Under this line is some data; print exactly the lines from the one containing "PROTAPER NEXT Strumentario" through its last line, without pictures.

■ DATA SHOWN ■

================

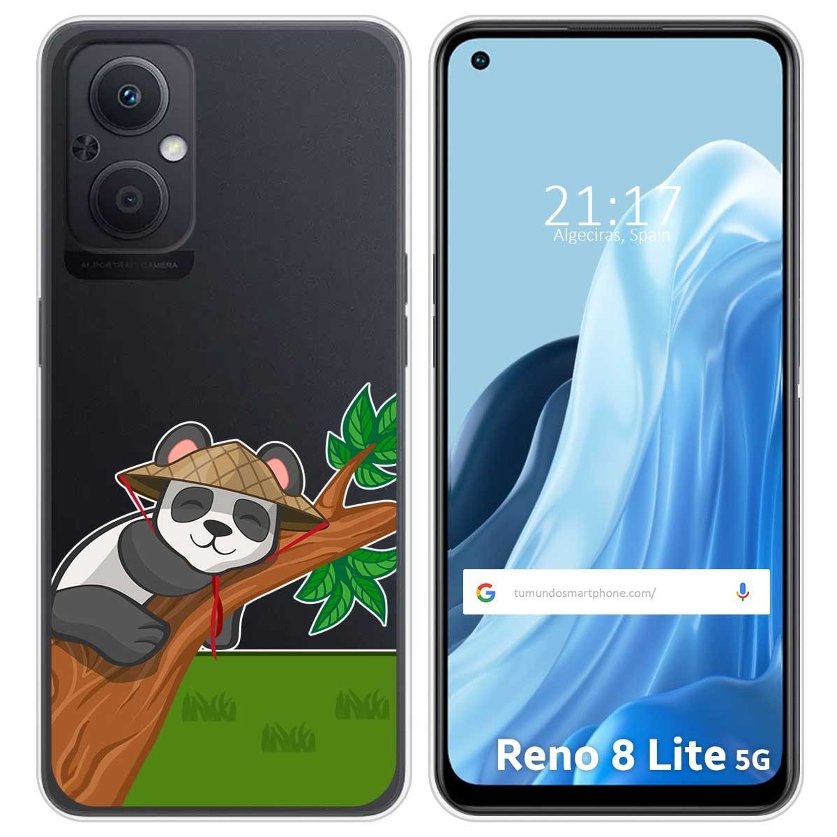 Funda Carcasa Protectora personalizada dibujo Panda de gel TPU 100% transparente para Oppo Reno 8 Lite 5G.
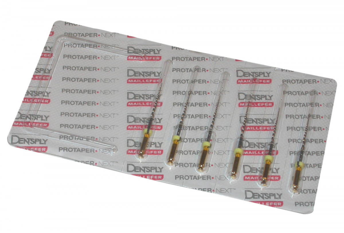 PROTAPER NEXT Strumentario canalare, successore del sistema Protaper Universal, Protaper Next è prodotto in lega NiTi M-Wire ed è dotato di una nuova sezione rettangolare eccentrica per una migliore raccolta dei detriti ed un'ottimale tracciatura del canale. Questo innovativo sistema è in grado di trattare, rapidamente ed in tutta sicurezza, la maggior parte dei canali radicolari, anche quelli molto stretti e curvi: una sola sequenza di file per tutti i casi clinici, solo 2 strumenti (X1 e X2) nella maggior parte dei casi. Caratteristiche principali: conicità variabili per una tecnica crown-down ottimizzata, diametri di finitura apicale comunemente approvati, rischio di rottura dello strumento significativamente ridotto, maggior rispetto dell'anatomia canalare. Gli strumenti sono disponibili in blister presterilizzati. Placchetta da 6 strumenti sterili - Lunghezza 25 mm
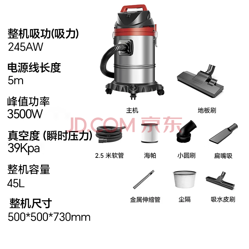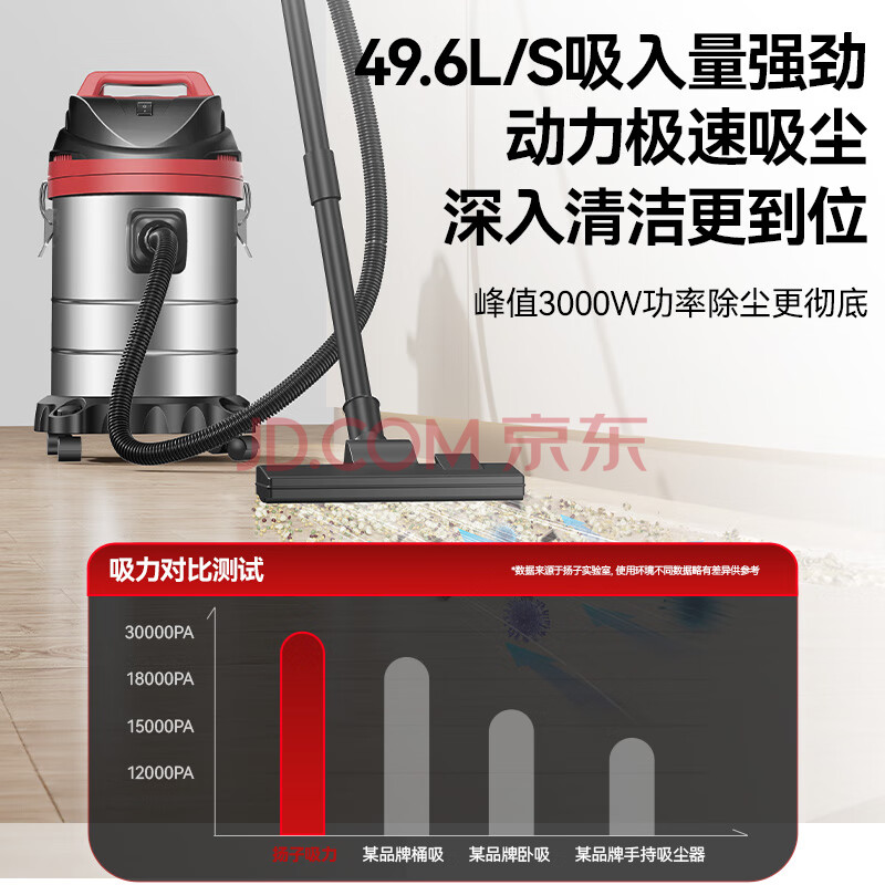 商品相册:扬子工业吸尘器峰值3500W大功率45L容量开荒美缝保洁装修酒店地毯商用干湿吹强力吸尘机大容量CX-3000B第

================

■ OUTPUT OF THE EXERCISE ■
 PROTAPER NEXT Strumentario canalare, successore del sistema Protaper Universal, Protaper Next è prodotto in lega NiTi M-Wire ed è dotato di una nuova sezione rettangolare eccentrica per una migliore raccolta dei detriti ed un'ottimale tracciatura del canale. Questo innovativo sistema è in grado di trattare, rapidamente ed in tutta sicurezza, la maggior parte dei canali radicolari, anche quelli molto stretti e curvi: una sola sequenza di file per tutti i casi clinici, solo 2 strumenti (X1 e X2) nella maggior parte dei casi. Caratteristiche principali: conicità variabili per una tecnica crown-down ottimizzata, diametri di finitura apicale comunemente approvati, rischio di rottura dello strumento significativamente ridotto, maggior rispetto dell'anatomia canalare. Gli strumenti sono disponibili in blister presterilizzati. Placchetta da 6 strumenti sterili - Lunghezza 25 mm
 商品相册:扬子工业吸尘器峰值3500W大功率45L容量开荒美缝保洁装修酒店地毯商用干湿吹强力吸尘机大容量CX-3000B第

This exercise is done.